Fast neutron therapy utilizes high energy neutrons typically between 50 and 70 MeV to treat cancer. Most fast neutron therapy beams are produced by reactors, cyclotrons (d+Be) and linear accelerators. Neutron therapy is currently available in Germany, Russia, South Africa and the United States. In the United States, one treatment center is operational, in Seattle, Washington.  The Seattle center uses a cyclotron which produces a proton beam impinging upon a beryllium target.

Advantages
Radiation therapy kills cancer cells in two ways depending on the effective energy of the radiative source. The amount of energy deposited as the particles traverse a section of tissue is referred to as the linear energy transfer (LET). X-rays produce low LET radiation, and protons and neutrons produce high LET radiation. Low LET radiation damages cells predominantly through the generation of reactive oxygen species, see free radicals. The neutron is uncharged and damages cells by direct effect on nuclear structures. Malignant tumors tend to have low oxygen levels and thus can be resistant to low LET radiation. This gives an advantage to neutrons in certain situations. One advantage is a generally shorter treatment cycle. To kill the same number of cancerous cells, neutrons require one third the effective dose as protons. Another advantage is the established ability of neutrons to better treat some cancers, such as salivary gland, adenoid cystic carcinomas and certain types of brain tumors, especially high-grade gliomas

LET

When therapeutic energy X-rays (1 to 25 MeV) interact with cells in human tissue, they do so mainly by Compton interactions, and produce relatively high energy secondary electrons. These high energy electrons deposit their energy at about 1 keV/µm. By comparison, the charged particles produced at a site of a neutron interaction may deliver their energy at a rate of 30–80 keV/µm. The amount of energy deposited as the particles traverse a section of tissue is referred to as the linear energy transfer (LET). X-rays produce low LET radiation, and neutrons produce high LET radiation.

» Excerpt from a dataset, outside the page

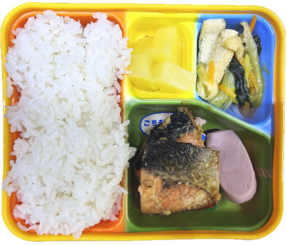 ご飯・鮭みそ焼き・チンゲン菜の煮物・ソーセージ・フルーツ

Because the electrons produced from X-rays have high energy and low LET, when they interact with a cell typically only a few ionizations will occur. It is likely then that the low LET radiation will cause only single strand breaks of the DNA helix. Single strand breaks of DNA molecules can be readily repaired, and so the effect on the target cell is not necessarily lethal. By contrast, the high LET charged particles produced from neutron irradiation cause many ionizations as they traverse a cell, and so double-strand breaks of the DNA molecule are possible. DNA repair of double-strand breaks are much more difficult for a cell to repair, and more likely to lead to cell death.

DNA repair mechanisms are quite efficient, and during a cell's lifetime many thousands of single strand DNA breaks will be repaired. A sufficient dose of ionizing radiation, however, delivers so many DNA breaks that it overwhelms the capability of the cellular mechanisms to cope.

Heavy ion therapy (e.g. carbon ions) makes use of the similarly high LET of 12C6+ ions.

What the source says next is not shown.